··· Data provided

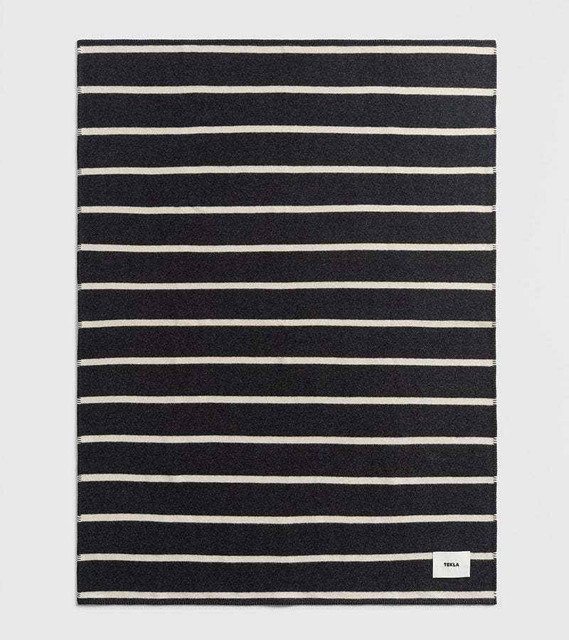 The Lambswool Blanket Starling Stripes from Tekla Fabrics is made of responsibly sourced lambswool and finished with whipstitching. Soft lambswool is woven in a tight weave and lightly brushed to balance lightness with durability.
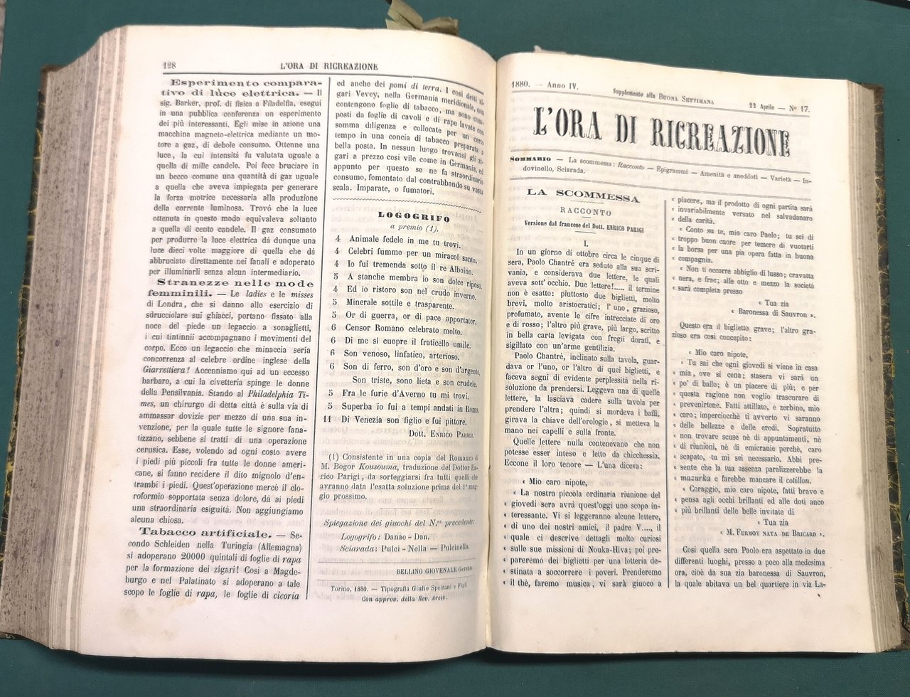 L'Ora di Ricreazione. Foglio settimanale di Novelle, Racconti ameni e morali, Notizie utili, Varietà, ecc. - ANNATE COMPLETE I (1877), II (1878), IV (1880)
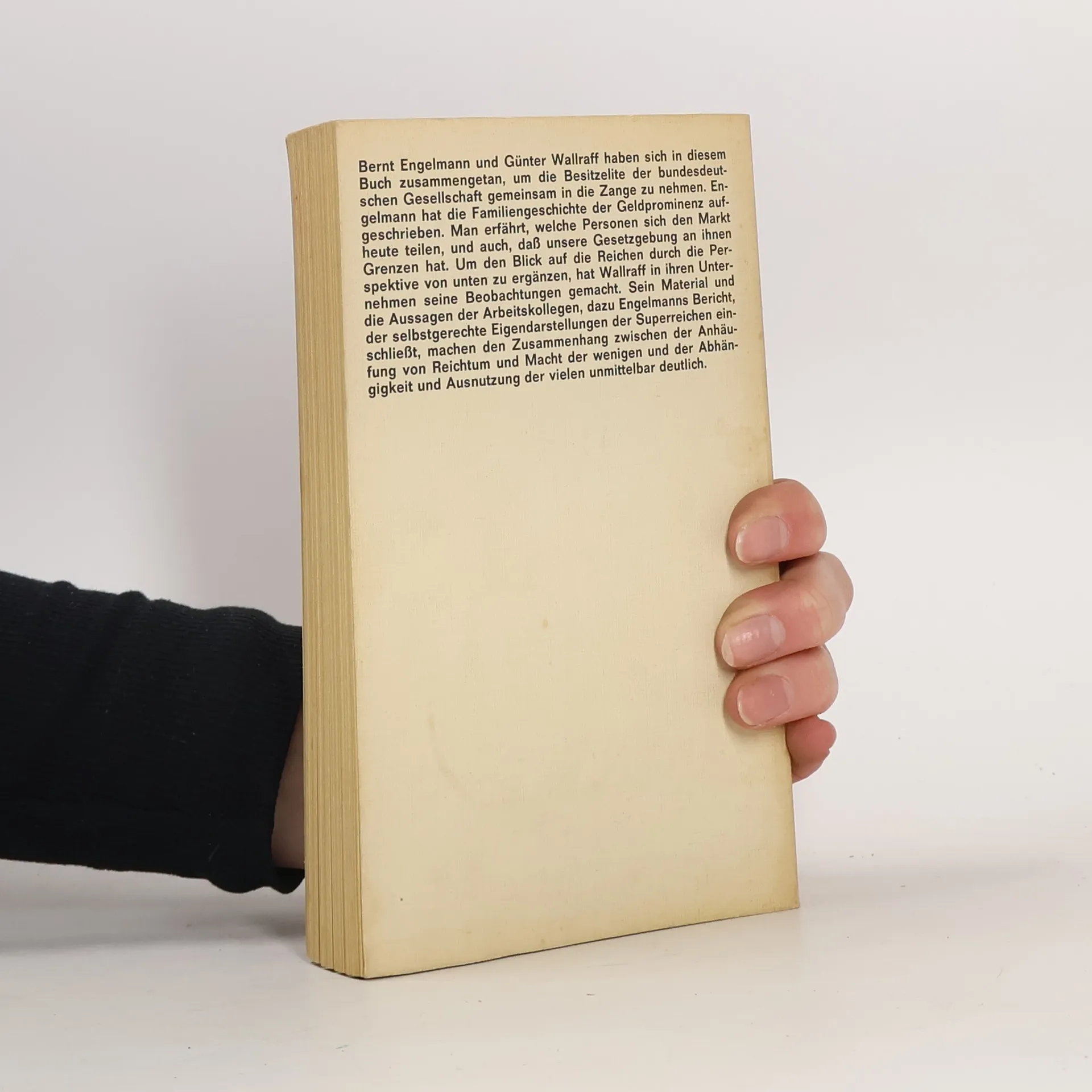 Bernt Engelmann und Günter Wallraff haben sich in diesem inzwischen berühmt gewordenen Buch zusammengetan, um die bundesdeutsche Gesellschaft vereint in die Zange zu nehmen. Aus verschiedenen Richtungen gehen sie ihr gemeinsames Ziel an: das Ausmaß des Widerspruchs zwischen der Anhäufung von Reichtum und Macht der wenigen und der Abhängigkeit und Ausnutzung der vielen aus unmittelbarer Anschauung durchsichtig zu machen. Die Welt der Milliardäre, für Millionen Leser in den Illustrierten verklärt, rückt hier nah und zeigt ihren weniger glänzenden Hintergrund. Engelmann war zu Besuch bei der Prominenz. Aus seinen Beobachtungen ergibt sich beiläufig die Geschichte des westdeutschen Nachkriegskapitals, die fast immer ein Beleg ist für die Wahrheit des Leitspruchs »Unrecht Gut gedeihe gut.«Wallraff war bei denen »da unten«, als Arbeiter, Vertreter, Bote, Portier oder Lakaien-Mönch. Er hat sich dabei den oft brutalen, oft verschrobenen Arbeitsbedingungen ausgesetzt. In seinen Berichten enthüllt sich die Pathologie der Reichen und vor allem die Realität, dass Geld, in Milliardenbeträgen in den Händen einzelner konzentriert, umschlägt in eine weit verzweigte politische Macht, der in unserer Gesellschaft kein Gesetz beizukommen vermag.

······

# Work to complete
Pictures aside, repeat exactly every line from the top of the listing above through the line bearing "L'Ora di Ricreazione.", inclusive.

# Answer section
 The Lambswool Blanket Starling Stripes from Tekla Fabrics is made of responsibly sourced lambswool and finished with whipstitching. Soft lambswool is woven in a tight weave and lightly brushed to balance lightness with durability.
 L'Ora di Ricreazione. Foglio settimanale di Novelle, Racconti ameni e morali, Notizie utili, Varietà, ecc. - ANNATE COMPLETE I (1877), II (1878), IV (1880)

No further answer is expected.